"About me?"
"Yes. And it must have been on account of what we said that she was on the heath. Without question she was coming to see you."
"But why should she come to see me if she felt so bitterly against me? There's the mystery."
"Yet I know she quite forgave 'ee."
"But, Diggory—would a woman, who had quite forgiven her son, say, when she felt herself ill on the way to his house, that she was broken-hearted because of his ill-usage? Never!"
"What I know is that she didn't blame you at all. She blamed herself for what had happened, only herself. I had it from her own lips."
"You had it from her lips that I had not ill-treated her; and at the same time another had it from her lips that I had ill-treated her? My mother was no impulsive woman who changed her opinion every hour without reason. How can it be, Venn, that she should have told such different stories in close succession?"

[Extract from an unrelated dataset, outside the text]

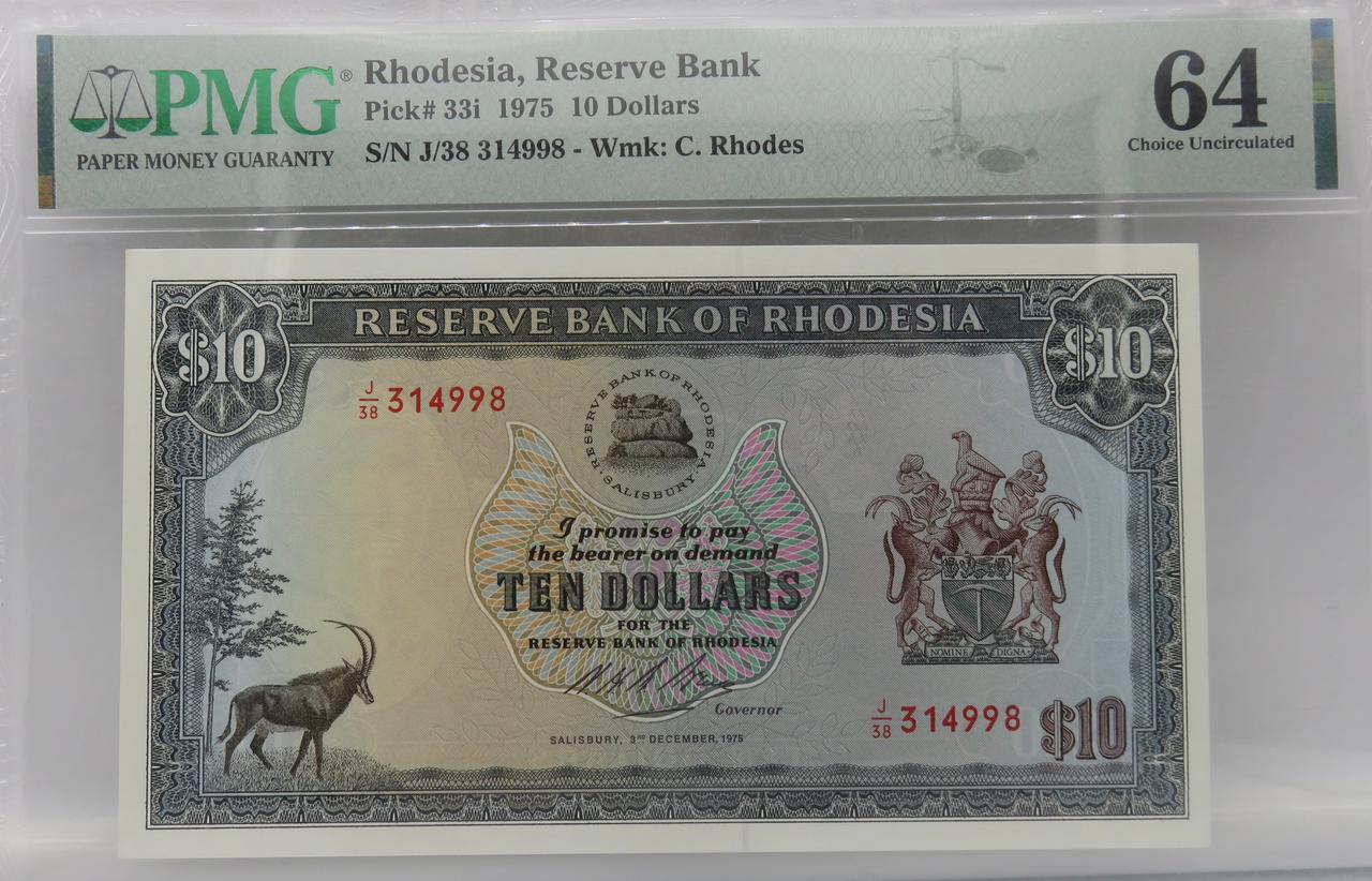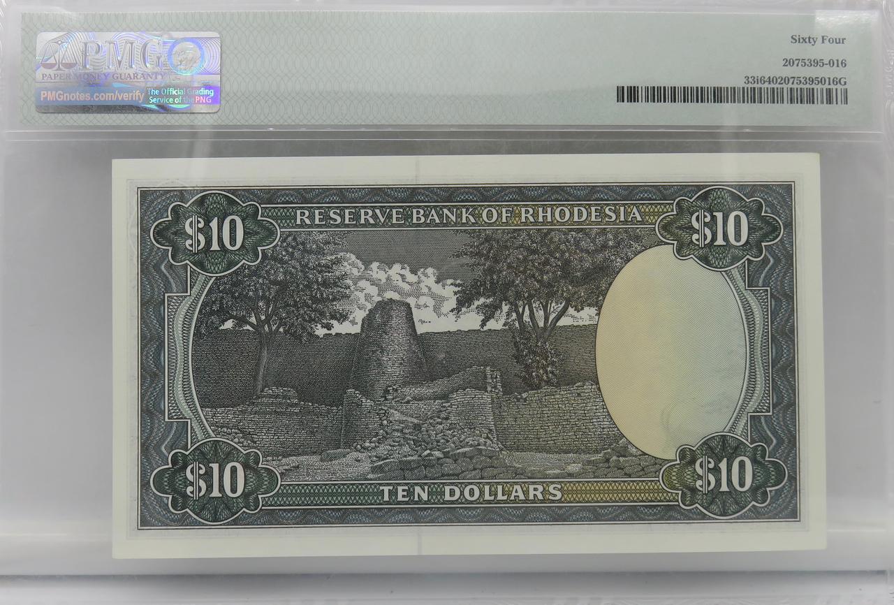 Lot 5: Rhodesia: Reserve Bank of Rhodesia Ten Dollars Note of 1975 PMG Graded 64 Choice Uncirculated.

"I cannot say. It is certainly odd, when she had forgiven you, and had forgiven your wife, and was going to see ye on purpose to make friends."
"If there was one thing wanting to bewilder me it was this incomprehensible thing!… Diggory, if we, who remain alive, were only allowed to hold conversation with the dead—just once, a bare minute, even through a screen of iron bars, as with persons in prison—what we might learn! How many who now ride smiling would hide their heads! And this mystery—I should then be at the bottom of it at once. But the grave has for ever shut her in; and how shall it be found out now?"
No reply was returned by his companion, since none could be given; and when Venn left, a few minutes later, Clym had passed from the dullness of sorrow to the fluctuation of carking incertitude.